男人臨窗而立。
孤寂挺拔的背影,宛若黑夜中的鷹。
精赤的上身,如米開朗基羅手下的大衛,雄偉健美,渾身的肌肉緊張而飽滿;
將男人的力量之美演繹得淋漓盡致。
一雙如鷹隼般的眸子裏,幾乎完全被仇恨吞噬。
封行朗是被夢魘驚醒的。
這個夢魘糾纏了他整整三個月:
沖天的火光,夾雜着玻璃耐不住高度而爆裂的聲音;
空氣裏瀰漫着刺鼻的燒焦糊味,有木製品的,有電纜塑膠的,甚至還有人的!
必須有一個人留下來手動打開那個逃生的閘門。
“邦,快帶行朗走!不要管我,再不走我們三個人都會被困死在這裏,走啊!”
“行朗,記住哥的話:你活着,哥就活着!”
時隔三個月,卻歷歷在目。
封行朗,一個掌控了申城大半的經濟命脈的男人;
可無盡的金錢和權勢,照樣換不回哥哥封立昕的健康!
……
封立昕已經開始用呼吸機了。這些天,他越發覺得自己的自主呼吸變得困難。
“老金,我的併發症是不是很嚴重了?”他朝收拾呼吸機的專職醫生老金問道。
“不嚴重。只是肺部出現了點兒炎症。”老金隱約其辭。
“行了老金,你不用跟我隱瞞了。其實死對我來說,更是一種解脫。”
做爲封立昕專職醫生的老金,更能體會封立昕每日忍着劇痛的煎熬:他不是爲自己而活,而是爲了弟弟封行朗。
老金嘆息一聲,“不僅僅是肺部,你肝臟的造血功能,你腎臟的排泄功能都開始出問題了。”
“你直接說:我還有多少時日可活?”面對死亡,封立昕卻問得平靜。
“如果每天僅僅只是保守治療,最多不超過三個月。”金醫生如實回答。
“三個月……三個月……如果我就這麼死了,行朗會更孤獨,更寂寞,也就更加的仇恨封家其他人!我真的捨不得他今後的日子只有仇恨爲伴兒。那會毀了他的一生。我想給他找個好女人,在我死後能好好照顧他!”
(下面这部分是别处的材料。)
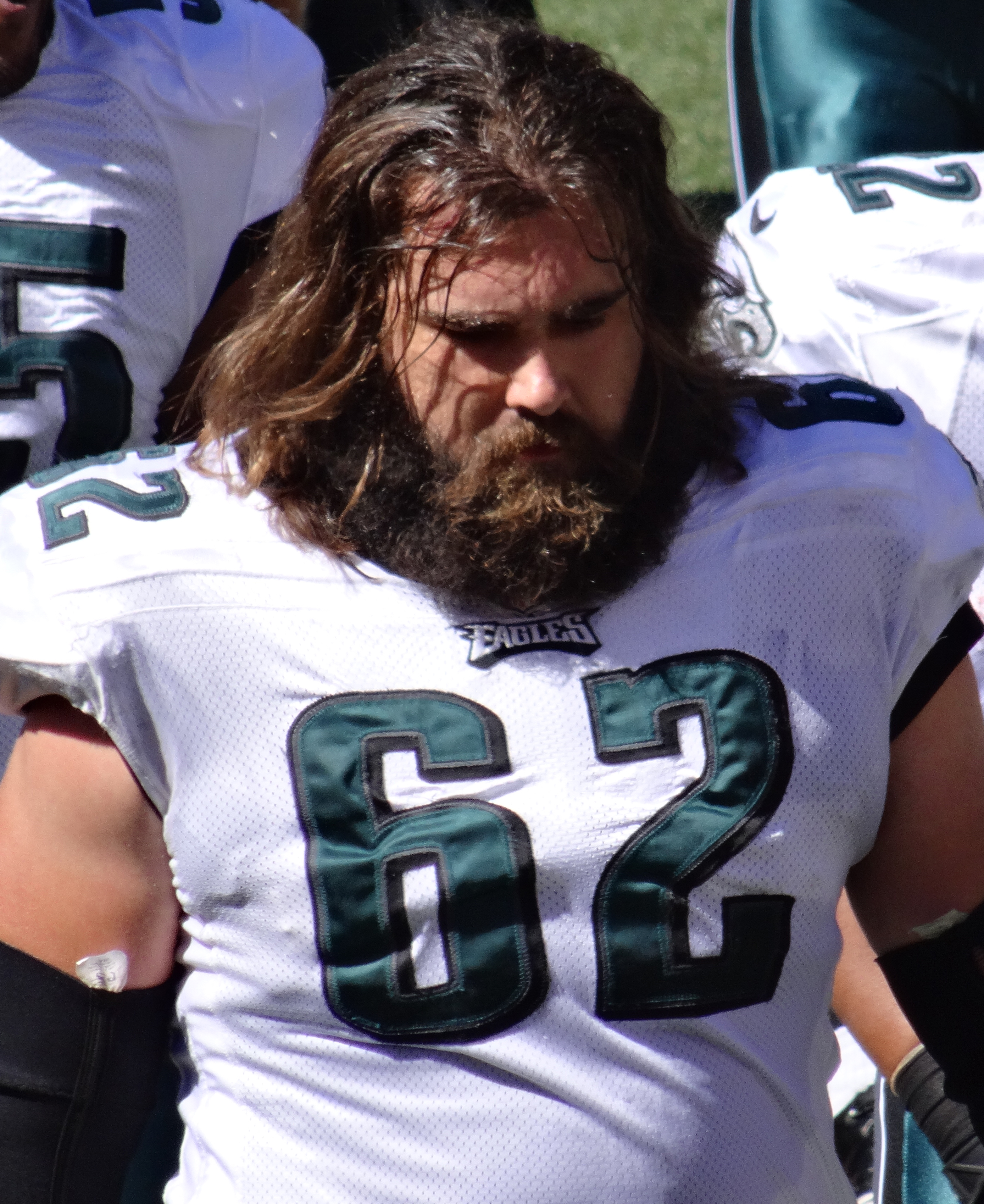 Jason Kelce, a player on the National Football League.

“談何容易啊!以二少爺的性子,他怎麼肯在這個時候娶甚麼女人呢?”老金搖頭嘆息。
“終歸要試一試的。”
封立昕每天的藥湯,都是封行朗親自喂的。無論多忙,他都會放下手上的工作趕回來。
而這一回,封立昕卻把頭側到一邊不肯喝,“行朗,甚麼時候幫我把弟媳娶回家啊?”
又是這老生常談的話題。封行朗知道哥哥用心:他想他死後,自己能有人照顧!
“你這個大哥尚未娶妻,我這個弟弟着甚麼急啊。” 封行朗推脫。
……
可這世間,究竟有沒有這樣美好的女子呢?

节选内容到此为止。